▸ **Try it**
If a line in the entries below contains "Борис", copy it.

▸ **Saved data entries**
──────────────────────────────

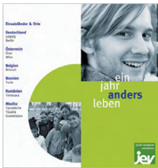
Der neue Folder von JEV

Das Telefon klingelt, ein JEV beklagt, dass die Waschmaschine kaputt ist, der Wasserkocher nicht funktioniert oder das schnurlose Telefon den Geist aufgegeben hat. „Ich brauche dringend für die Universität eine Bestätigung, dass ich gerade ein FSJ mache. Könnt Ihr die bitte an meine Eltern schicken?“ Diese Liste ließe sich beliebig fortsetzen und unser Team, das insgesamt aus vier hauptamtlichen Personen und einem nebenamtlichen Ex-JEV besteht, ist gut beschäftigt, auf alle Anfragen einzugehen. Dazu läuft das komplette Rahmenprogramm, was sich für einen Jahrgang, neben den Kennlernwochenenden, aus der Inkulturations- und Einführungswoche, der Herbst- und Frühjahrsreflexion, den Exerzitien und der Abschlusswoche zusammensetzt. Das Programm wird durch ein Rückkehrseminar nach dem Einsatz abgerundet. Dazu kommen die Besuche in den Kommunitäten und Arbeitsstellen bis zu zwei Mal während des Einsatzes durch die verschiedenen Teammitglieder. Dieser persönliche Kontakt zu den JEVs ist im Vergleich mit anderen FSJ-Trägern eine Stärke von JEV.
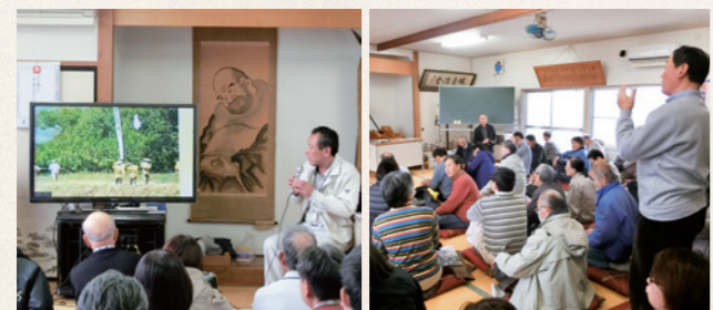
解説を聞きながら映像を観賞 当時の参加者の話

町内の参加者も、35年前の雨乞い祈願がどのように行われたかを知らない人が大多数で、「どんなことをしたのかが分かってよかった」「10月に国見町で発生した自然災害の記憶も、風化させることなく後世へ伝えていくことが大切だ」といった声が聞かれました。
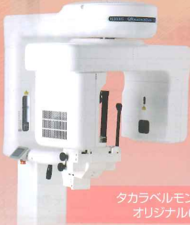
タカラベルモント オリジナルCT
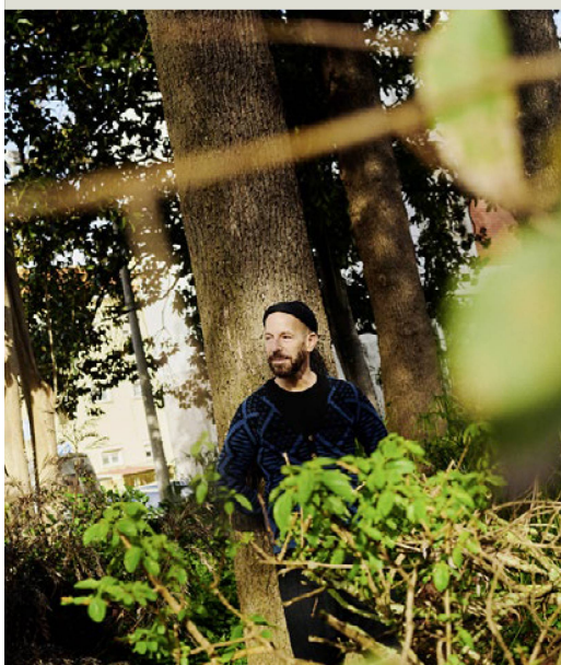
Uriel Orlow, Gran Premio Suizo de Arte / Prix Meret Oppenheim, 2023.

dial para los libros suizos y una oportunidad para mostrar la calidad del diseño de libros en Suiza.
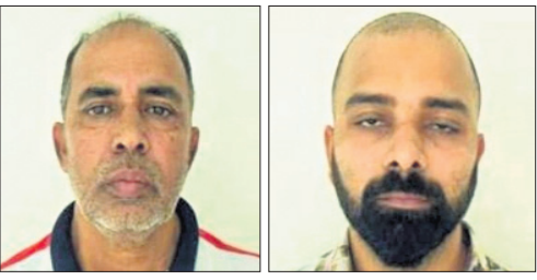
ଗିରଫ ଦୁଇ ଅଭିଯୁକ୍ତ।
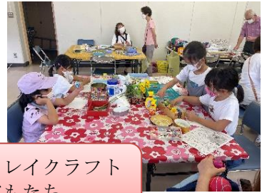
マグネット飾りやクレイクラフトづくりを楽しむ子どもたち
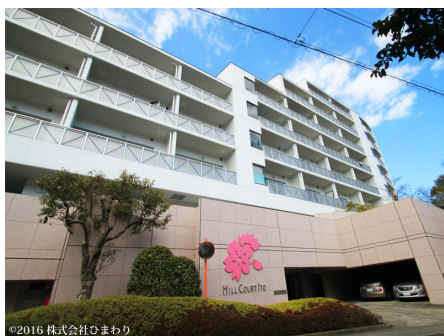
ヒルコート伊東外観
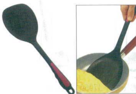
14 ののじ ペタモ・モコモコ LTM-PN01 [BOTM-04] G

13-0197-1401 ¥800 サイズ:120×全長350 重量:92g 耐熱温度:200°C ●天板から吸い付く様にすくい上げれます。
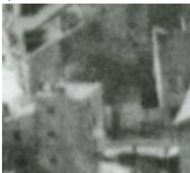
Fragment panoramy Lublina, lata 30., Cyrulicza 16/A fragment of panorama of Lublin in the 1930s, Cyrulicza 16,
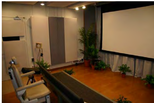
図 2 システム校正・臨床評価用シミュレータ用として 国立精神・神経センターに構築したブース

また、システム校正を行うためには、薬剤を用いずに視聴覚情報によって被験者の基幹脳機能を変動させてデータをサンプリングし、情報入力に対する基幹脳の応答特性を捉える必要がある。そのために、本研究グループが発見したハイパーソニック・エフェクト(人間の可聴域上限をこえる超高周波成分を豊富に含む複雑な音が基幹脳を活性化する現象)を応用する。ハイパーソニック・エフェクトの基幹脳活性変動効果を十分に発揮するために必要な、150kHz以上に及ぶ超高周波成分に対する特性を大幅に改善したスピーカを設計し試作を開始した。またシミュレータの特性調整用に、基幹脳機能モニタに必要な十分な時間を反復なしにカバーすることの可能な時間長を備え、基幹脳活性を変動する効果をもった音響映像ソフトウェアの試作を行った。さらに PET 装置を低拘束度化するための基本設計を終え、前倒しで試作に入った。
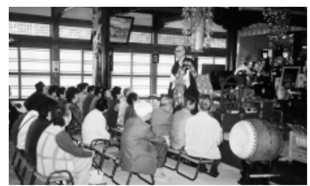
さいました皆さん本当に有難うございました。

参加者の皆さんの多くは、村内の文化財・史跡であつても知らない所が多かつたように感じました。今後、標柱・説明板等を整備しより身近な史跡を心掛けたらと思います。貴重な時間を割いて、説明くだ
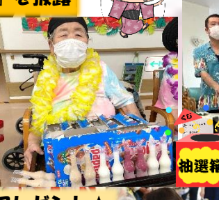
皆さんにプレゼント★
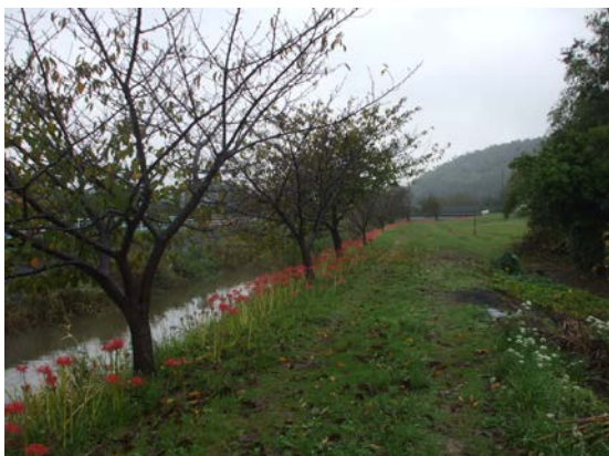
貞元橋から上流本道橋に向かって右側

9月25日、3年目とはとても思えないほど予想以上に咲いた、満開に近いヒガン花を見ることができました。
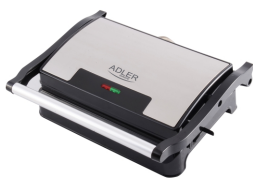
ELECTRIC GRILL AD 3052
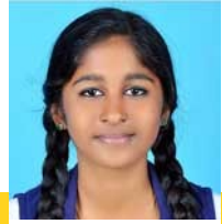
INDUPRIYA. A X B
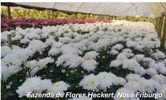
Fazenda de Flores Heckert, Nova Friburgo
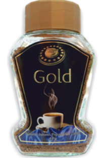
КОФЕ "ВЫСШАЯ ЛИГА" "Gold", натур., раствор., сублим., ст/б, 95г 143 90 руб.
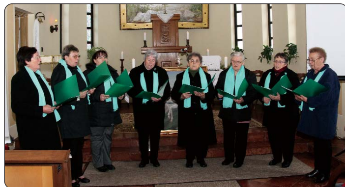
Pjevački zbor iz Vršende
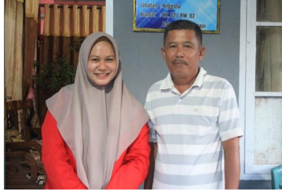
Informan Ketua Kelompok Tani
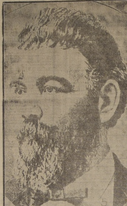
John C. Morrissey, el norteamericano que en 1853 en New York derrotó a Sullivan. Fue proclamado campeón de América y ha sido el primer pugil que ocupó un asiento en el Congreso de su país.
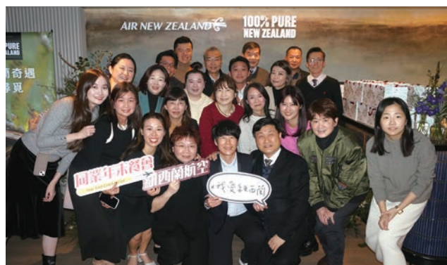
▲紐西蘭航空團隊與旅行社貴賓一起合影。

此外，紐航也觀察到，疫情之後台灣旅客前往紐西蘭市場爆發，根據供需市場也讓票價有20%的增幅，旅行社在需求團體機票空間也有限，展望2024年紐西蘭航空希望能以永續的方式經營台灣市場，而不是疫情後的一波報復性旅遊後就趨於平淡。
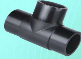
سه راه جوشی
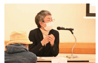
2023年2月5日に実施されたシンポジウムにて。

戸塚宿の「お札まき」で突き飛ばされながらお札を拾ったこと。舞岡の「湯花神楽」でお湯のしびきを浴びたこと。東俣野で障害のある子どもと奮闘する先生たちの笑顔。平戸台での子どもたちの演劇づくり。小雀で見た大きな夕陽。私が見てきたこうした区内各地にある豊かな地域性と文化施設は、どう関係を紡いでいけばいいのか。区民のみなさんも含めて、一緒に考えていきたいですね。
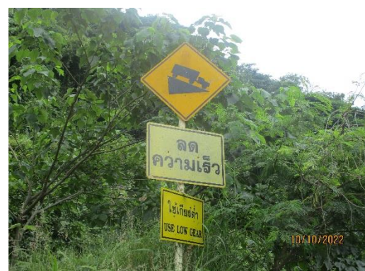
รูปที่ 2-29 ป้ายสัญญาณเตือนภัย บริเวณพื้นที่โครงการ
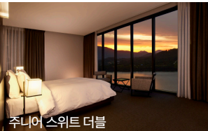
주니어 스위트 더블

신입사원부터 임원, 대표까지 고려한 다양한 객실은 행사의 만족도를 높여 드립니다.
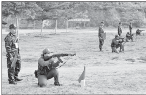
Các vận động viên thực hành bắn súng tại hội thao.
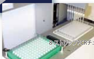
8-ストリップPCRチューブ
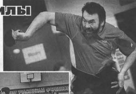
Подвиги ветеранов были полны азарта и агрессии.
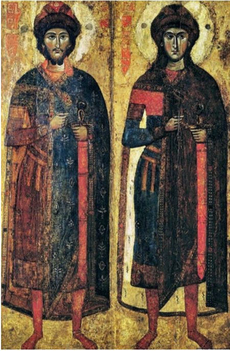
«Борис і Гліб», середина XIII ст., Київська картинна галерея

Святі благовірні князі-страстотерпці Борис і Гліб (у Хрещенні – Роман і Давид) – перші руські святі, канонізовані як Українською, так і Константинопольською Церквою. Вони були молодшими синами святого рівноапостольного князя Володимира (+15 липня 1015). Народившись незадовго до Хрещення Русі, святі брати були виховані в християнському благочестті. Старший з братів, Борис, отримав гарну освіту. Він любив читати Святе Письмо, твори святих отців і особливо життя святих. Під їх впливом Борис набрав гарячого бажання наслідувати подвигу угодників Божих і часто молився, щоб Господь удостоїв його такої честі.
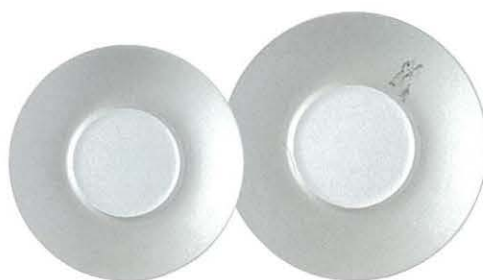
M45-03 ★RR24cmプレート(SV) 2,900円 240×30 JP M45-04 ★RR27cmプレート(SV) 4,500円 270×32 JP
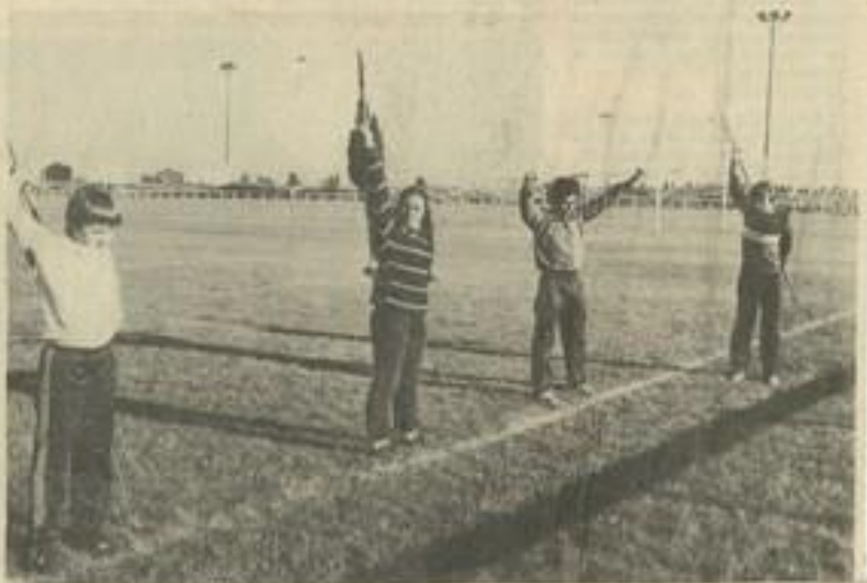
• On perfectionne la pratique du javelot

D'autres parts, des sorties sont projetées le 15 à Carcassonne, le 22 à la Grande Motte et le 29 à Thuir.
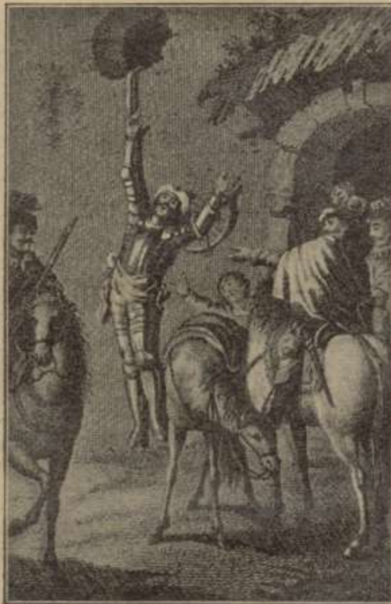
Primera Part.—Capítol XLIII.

──────────────────────────────

▸ **Expected answer**
«Борис і Гліб», середина XIII ст., Київська картинна галерея
Святі благовірні князі-страстотерпці Борис і Гліб (у Хрещенні – Роман і Давид) – перші руські святі, канонізовані як Українською, так і Константинопольською Церквою. Вони були молодшими синами святого рівноапостольного князя Володимира (+15 липня 1015). Народившись незадовго до Хрещення Русі, святі брати були виховані в християнському благочестті. Старший з братів, Борис, отримав гарну освіту. Він любив читати Святе Письмо, твори святих отців і особливо життя святих. Під їх впливом Борис набрав гарячого бажання наслідувати подвигу угодників Божих і часто молився, щоб Господь удостоїв його такої честі.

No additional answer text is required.